▶ **TASK TO CARRY OUT**
Please write out the entire listing below exactly, excluding its pictures.

▶ **DATASET SECTION**
──────

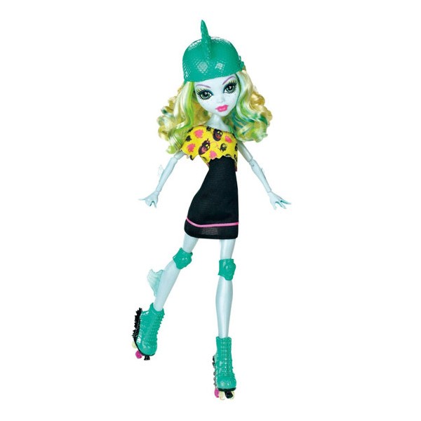 Lagoona Blue to jedna z najładniejszych dziewczyn w Monster High! Jest córką potwora morskiego, dlatego najchętniej czas spędza w wodzie. Jeśli już musi wypełznąć na ląd, to najczęściej występuje w luźnych spodenkach, topie i japonkach. Tym razem Lagoona przygotowana jest do jazdy na rolkach. Tak się złożyło, że wszyscy najlepsi rolkarze są kontuzjowani, dlatego ona i pozostałe upiory z Monster High wkraczają do akcji! Lalka nie stoi samodzielnie.
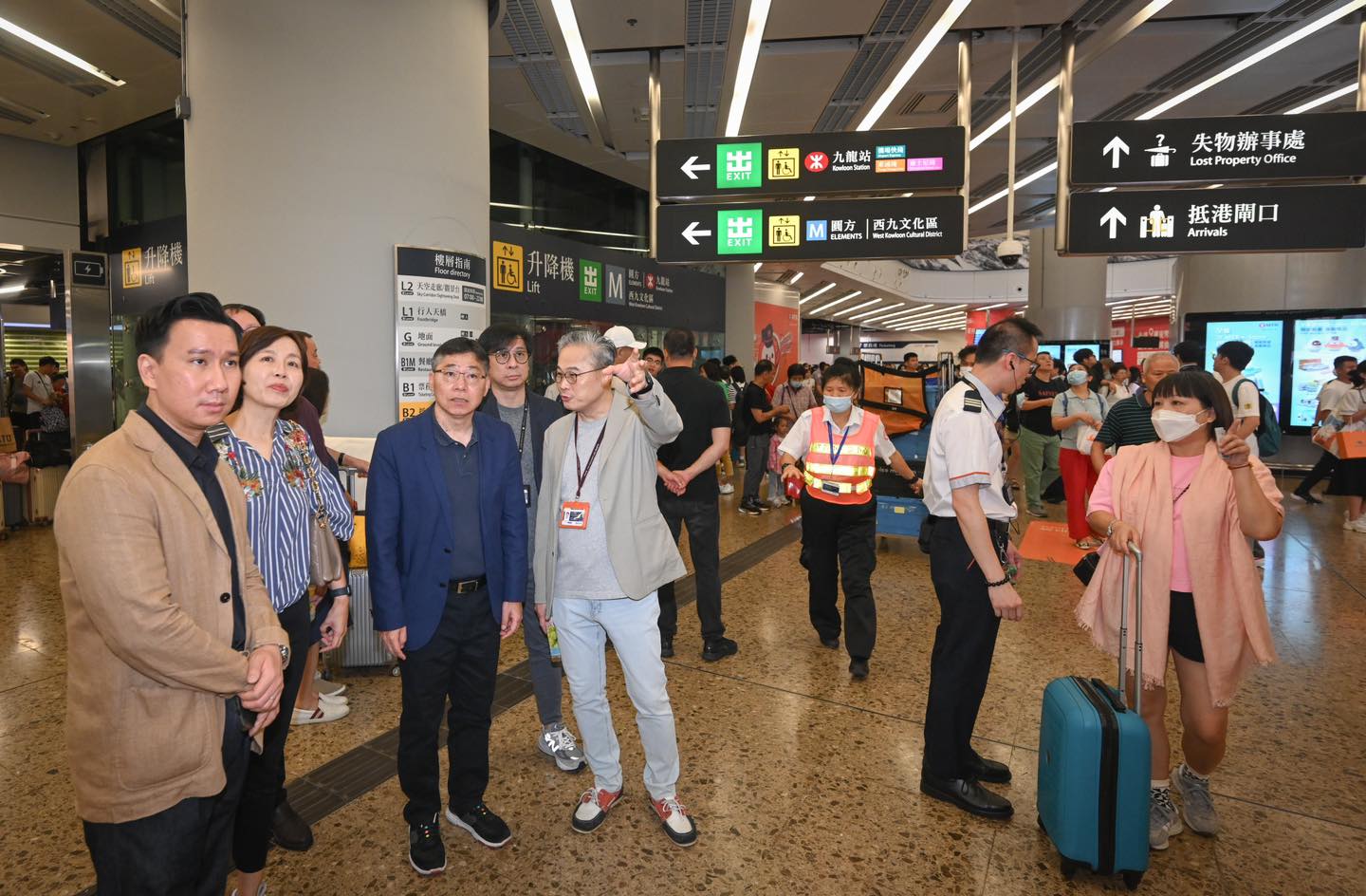 運輸及物流局局長林世雄今早(9月30日)到高鐵香港西九龍站和鄰近的屯馬綫港鐵站視察,了解訪港旅客使用管制站附近公共交通服務的情況。林世雄表示,香港是內地旅客國慶黃金周出遊的首選地之一,政府各個相關部門一直為迎接訪港旅客進行緊密協調和溝通,務求令旅客在香港有更好的旅遊體驗。
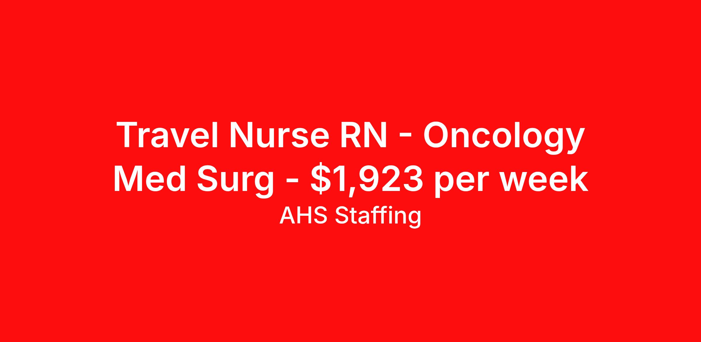 Travel Nurse RN - Oncology Med Surg - $1,923 per week
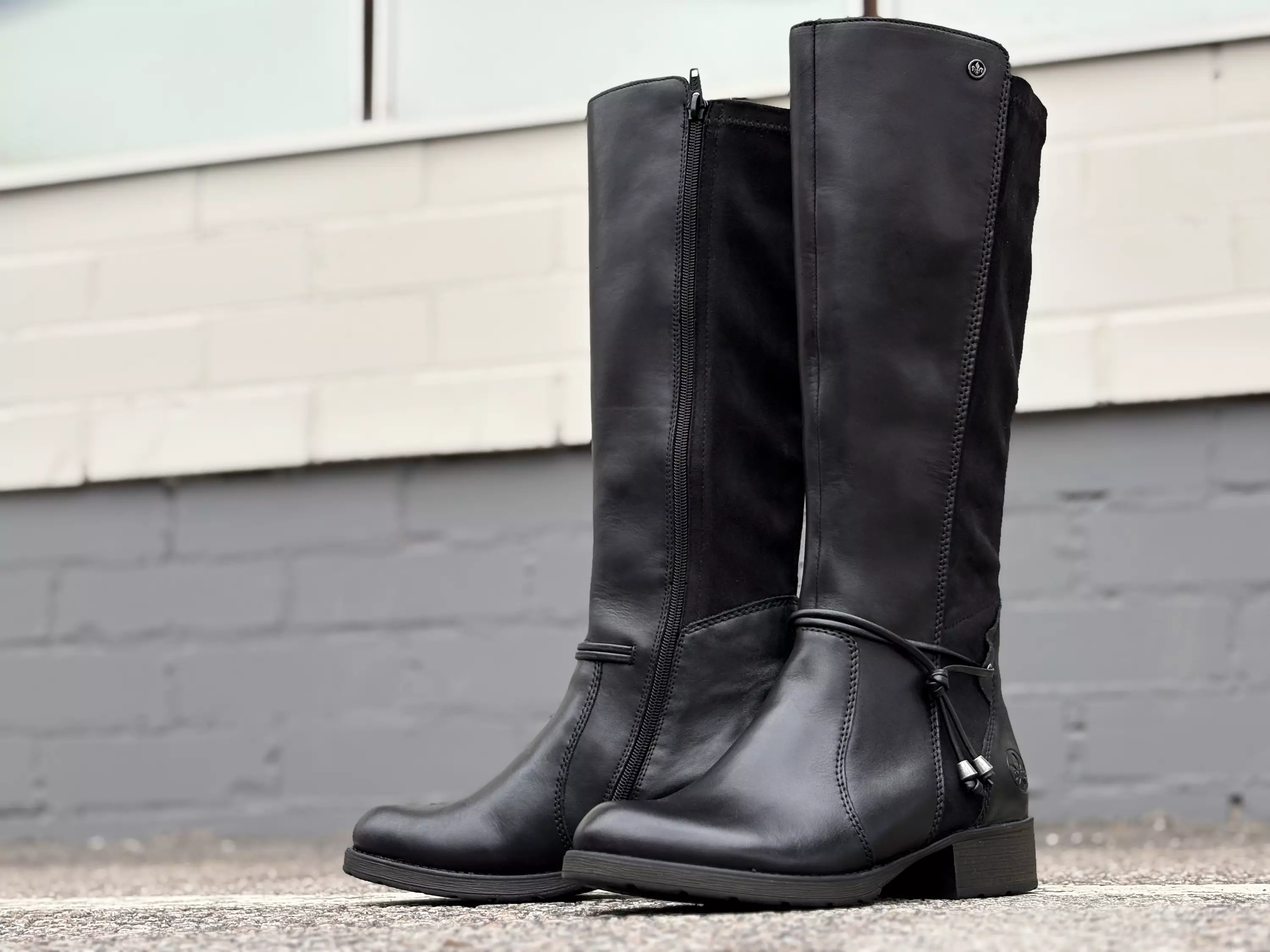 Mustat Rieker saappaat. Tekstiilisellä venykkeellä varustetut nahkasaappaat. Ulkosyrjällä koristeremmi. Varren yläreunassa metallin Rieker-vaakunalogo. Sisäsyrjällä pukemista vauhdittava vetoketju. Lestimitoitus kapea F. Kannan korkeus noin 3,5cm ja pohjan krokeus päkiän alta noin 1cm.

──────

▶ **TASK ANSWER**
 Lagoona Blue to jedna z najładniejszych dziewczyn w Monster High! Jest córką potwora morskiego, dlatego najchętniej czas spędza w wodzie. Jeśli już musi wypełznąć na ląd, to najczęściej występuje w luźnych spodenkach, topie i japonkach. Tym razem Lagoona przygotowana jest do jazdy na rolkach. Tak się złożyło, że wszyscy najlepsi rolkarze są kontuzjowani, dlatego ona i pozostałe upiory z Monster High wkraczają do akcji! Lalka nie stoi samodzielnie.
 運輸及物流局局長林世雄今早(9月30日)到高鐵香港西九龍站和鄰近的屯馬綫港鐵站視察,了解訪港旅客使用管制站附近公共交通服務的情況。林世雄表示,香港是內地旅客國慶黃金周出遊的首選地之一,政府各個相關部門一直為迎接訪港旅客進行緊密協調和溝通,務求令旅客在香港有更好的旅遊體驗。
 Travel Nurse RN - Oncology Med Surg - $1,923 per week
 Mustat Rieker saappaat. Tekstiilisellä venykkeellä varustetut nahkasaappaat. Ulkosyrjällä koristeremmi. Varren yläreunassa metallin Rieker-vaakunalogo. Sisäsyrjällä pukemista vauhdittava vetoketju. Lestimitoitus kapea F. Kannan korkeus noin 3,5cm ja pohjan krokeus päkiän alta noin 1cm.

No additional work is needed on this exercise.